Task details
The whole listing should come back exactly as written, except for the pictures.

Data below
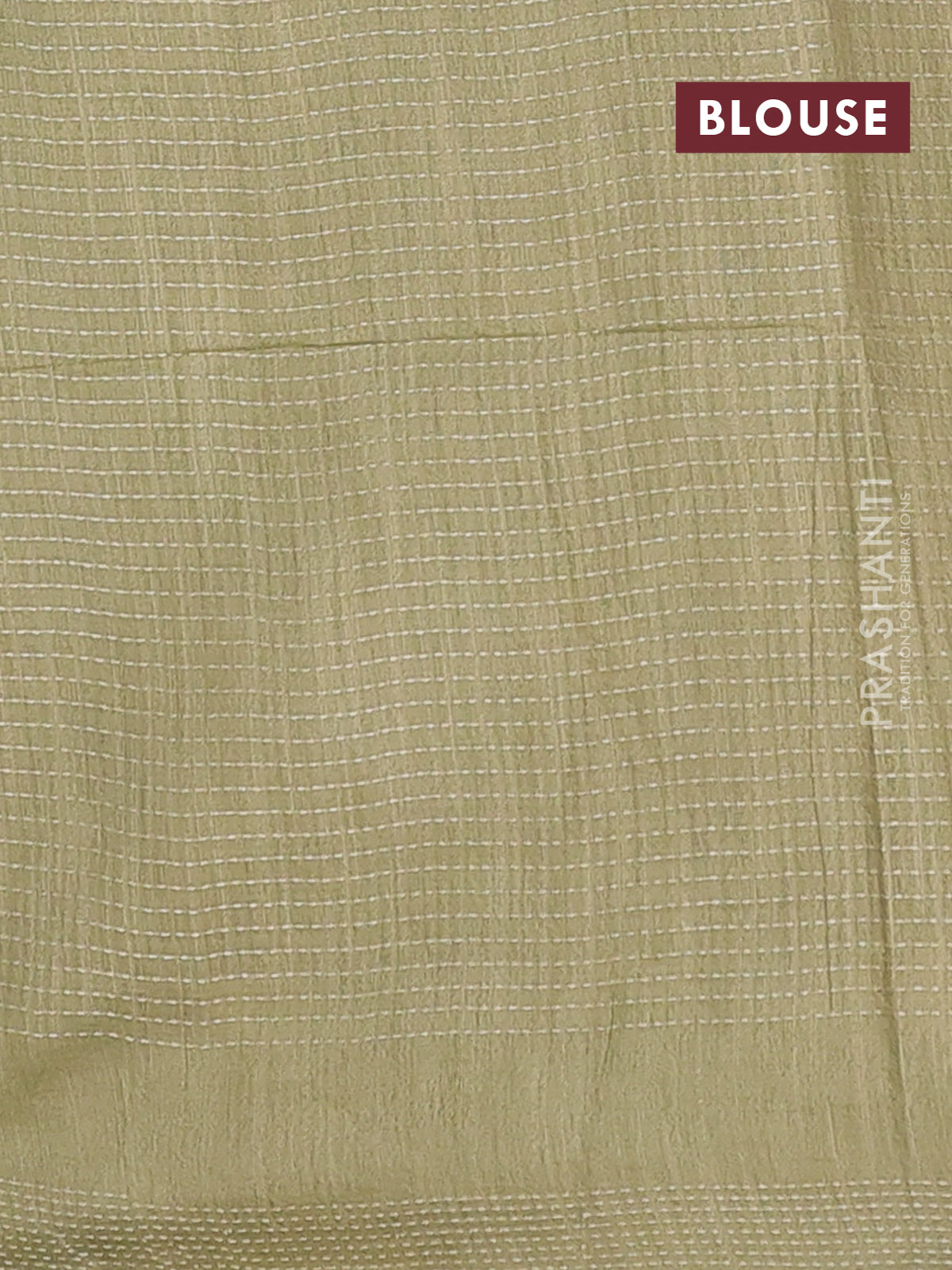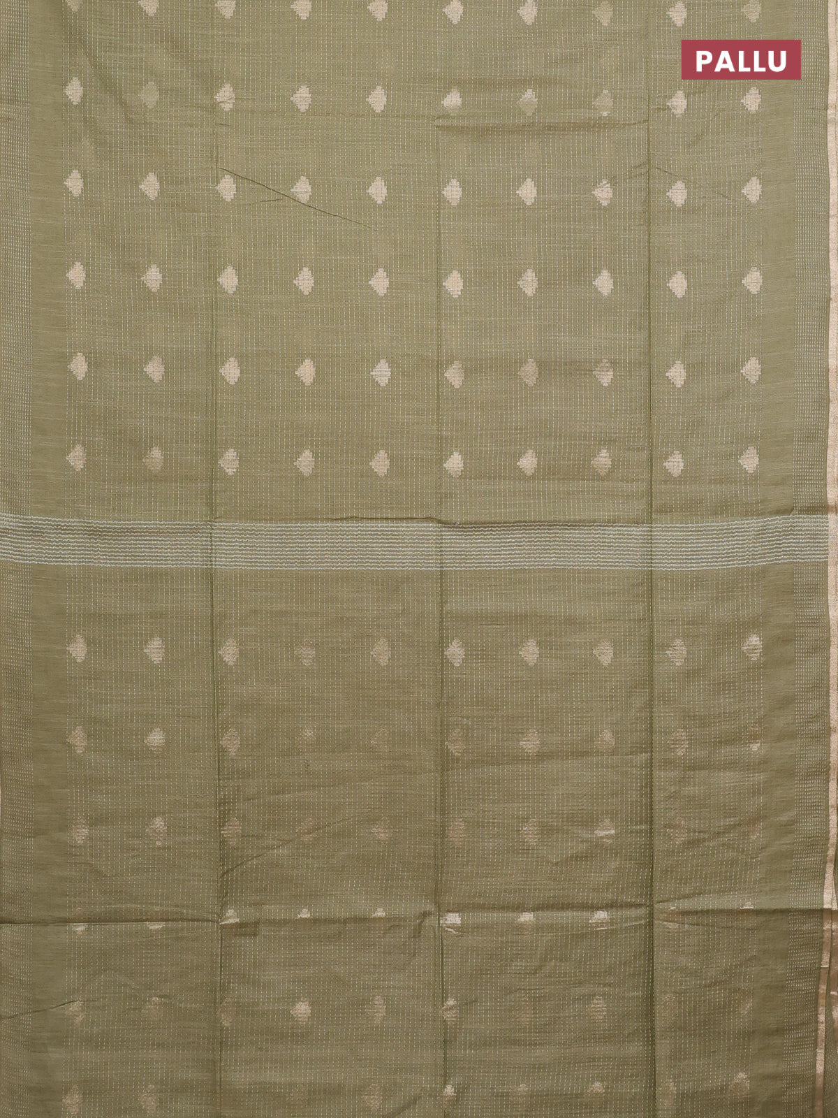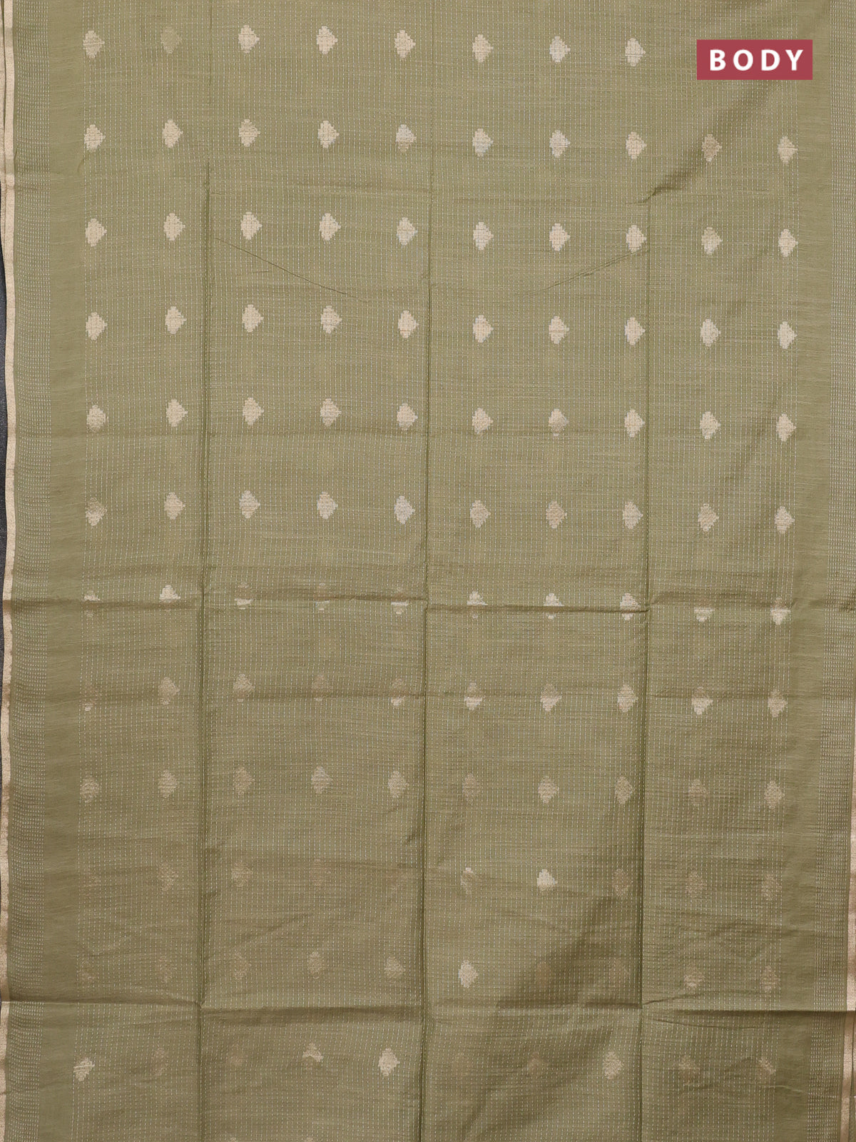 Semi bamboo saree pastel green with allover thread weaves & zari buttas and zari woven piping border
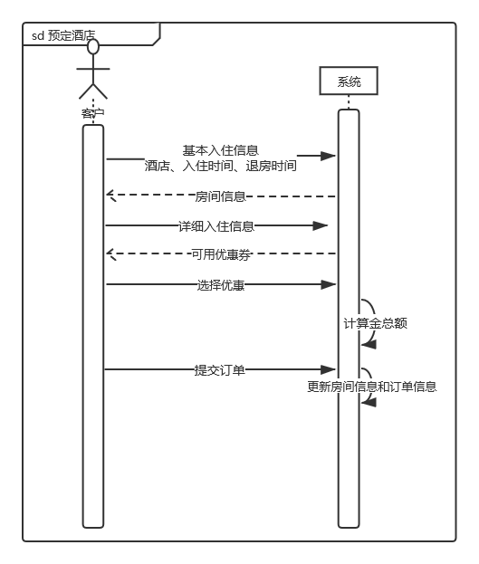 | 扩展流程 | 1a. 客户填写的入住时间和订单时间间隔超过一个月 1. 系统提示无法进行该预定 3a. 儿童人数占总人数 90% 以上 1. 系统提示无法进行该预定,并提供相关酒店工作人员电话,建议客户通过电话预定 3b. 入住人信息少于预定房间数量 2. 系统提示无法进行该预定,要求客户完善具体入组信息 3c. 客户使用优惠券 4. 系统计算订单价格时使用优惠策略 4a. 客户申请修改预定信息 1. 系统更新房间信息,回到步骤 2,再次请求入住信息填写 4b. 客户取消预订酒店 2. 系统更新房间信息,取消该预定,生成无效订单信息 6a. 历史记录 1. 系统将订单信息更新至客户的历史记录 2. 系统将订单信息发送给相关酒店工作人员,并根据补贴额度向相关酒店支付补贴金 |
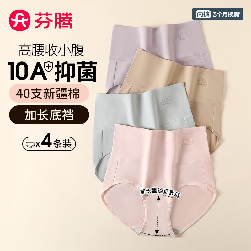 Fenteng Women's 10A Antibacterial High-Waist Cotton Briefs 4-Pack

Reply to the task
 Semi bamboo saree pastel green with allover thread weaves & zari buttas and zari woven piping border
 | 扩展流程 | 1a. 客户填写的入住时间和订单时间间隔超过一个月 1. 系统提示无法进行该预定 3a. 儿童人数占总人数 90% 以上 1. 系统提示无法进行该预定,并提供相关酒店工作人员电话,建议客户通过电话预定 3b. 入住人信息少于预定房间数量 2. 系统提示无法进行该预定,要求客户完善具体入组信息 3c. 客户使用优惠券 4. 系统计算订单价格时使用优惠策略 4a. 客户申请修改预定信息 1. 系统更新房间信息,回到步骤 2,再次请求入住信息填写 4b. 客户取消预订酒店 2. 系统更新房间信息,取消该预定,生成无效订单信息 6a. 历史记录 1. 系统将订单信息更新至客户的历史记录 2. 系统将订单信息发送给相关酒店工作人员,并根据补贴额度向相关酒店支付补贴金 |
 Fenteng Women's 10A Antibacterial High-Waist Cotton Briefs 4-Pack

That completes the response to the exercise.